RBI's Updated Inflation Projections


Mumbai: The Reserve Bank of India (RBI) has revised its retail inflation forecast for the fiscal year 2026-27 to 5.1%, an increase from the previous estimate of 4.6%. This adjustment is primarily attributed to rising input costs, which have been influenced by the transmission of elevated global energy prices to domestic fuel rates.


Since May, the cumulative increase in retail fuel prices has reached 7.4% for petrol and 8.4% for diesel.


This rise is expected to directly contribute approximately 36 basis points to overall inflation, with additional effects likely to be seen in consumer price index (CPI) inflation in the upcoming months, as stated in the RBI's monetary policy announcement.


The impact of higher global energy prices is also evident in various other sectors, including commercial LPG, industrial raw materials, chemicals, and rubber and plastic products. The RBI noted that the secondary effects of these increased input costs could further elevate CPI inflation in the future.


During the announcement of the June monetary policy, RBI Governor Sanjay Malhotra highlighted that the inflation outlook faces potential upward risks due to global supply chain challenges, commodity price fluctuations, and uncertainties surrounding monsoon distribution and El Nino conditions.


Despite a slight increase from 3.2% in February, the headline CPI inflation remained below the target in March and April 2026, recorded at 3.4% and 3.5%, respectively.


While food inflation saw a rise, fuel inflation remained stable as petrol and diesel prices did not change in March and April. Core inflation held steady at 3.7% during this period.


When excluding precious metals, core inflation was significantly lower, ranging from 2.1% to 2.2%.

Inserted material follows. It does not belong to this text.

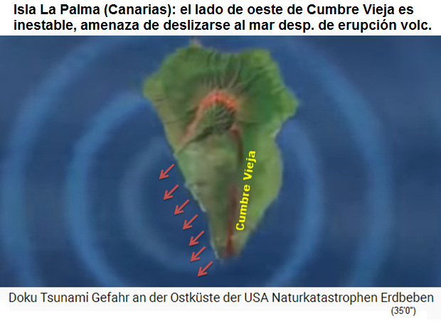 En 1949 hubo una larga erupción volcánica en la isla de La Palma (en las Islas Canarias) formando muchos nuevos cráteres pequeños. Desde entonces, se ha formado una grieta de 4,8 km de largo a partir del volcán "Cumbre Vieja" en la parte sur de la isla, que hasta hoy (a partir del video de 2016) se ha convertido en 4,5 m de ancho, el deslizamiento es de 1 cm por año. Los investigadores del volcán, el profesor Ward y el profesor Simon Day, advierten que si hay una nueva erupción volcánica en la isla de La Palma con mucha agua en el volcán, existe el riesgo de que el flanco volcánico occidental deslizante explote y se hunda en el Atlántico (16km de largo, 1600m de altura y 300m de profundidad). Esto provocaría un gigantesco tsunami. Puede suceder en cualquier momento.

Malhotra mentioned that international crude oil prices for the Indian basket averaged around USD 110 per barrel during April-May 2026, with expectations that average oil prices for 2026-27 would be considerably higher than previously estimated.


The increase in energy prices and various input costs has also resulted in a notable rise in wholesale price index (WPI) inflation in April 2026.


The RBI has projected CPI inflation for Q1 at 4.2%, Q2 at 5.1%, Q3 at 5.9%, and Q4 at 5.4%. Core inflation is anticipated to be 4.7% for 2026-27.


The RBI also indicated that sufficient foodgrain stocks and satisfactory reservoir levels offer some reassurance.


However, Governor Malhotra cautioned that the food outlook remains uncertain due to the forecast of a below-normal southwest monsoon and El Nino.


Despite the heightened risks of inflation, the Monetary Policy Committee (MPC) believes it is wise to await clearer insights before making further decisions.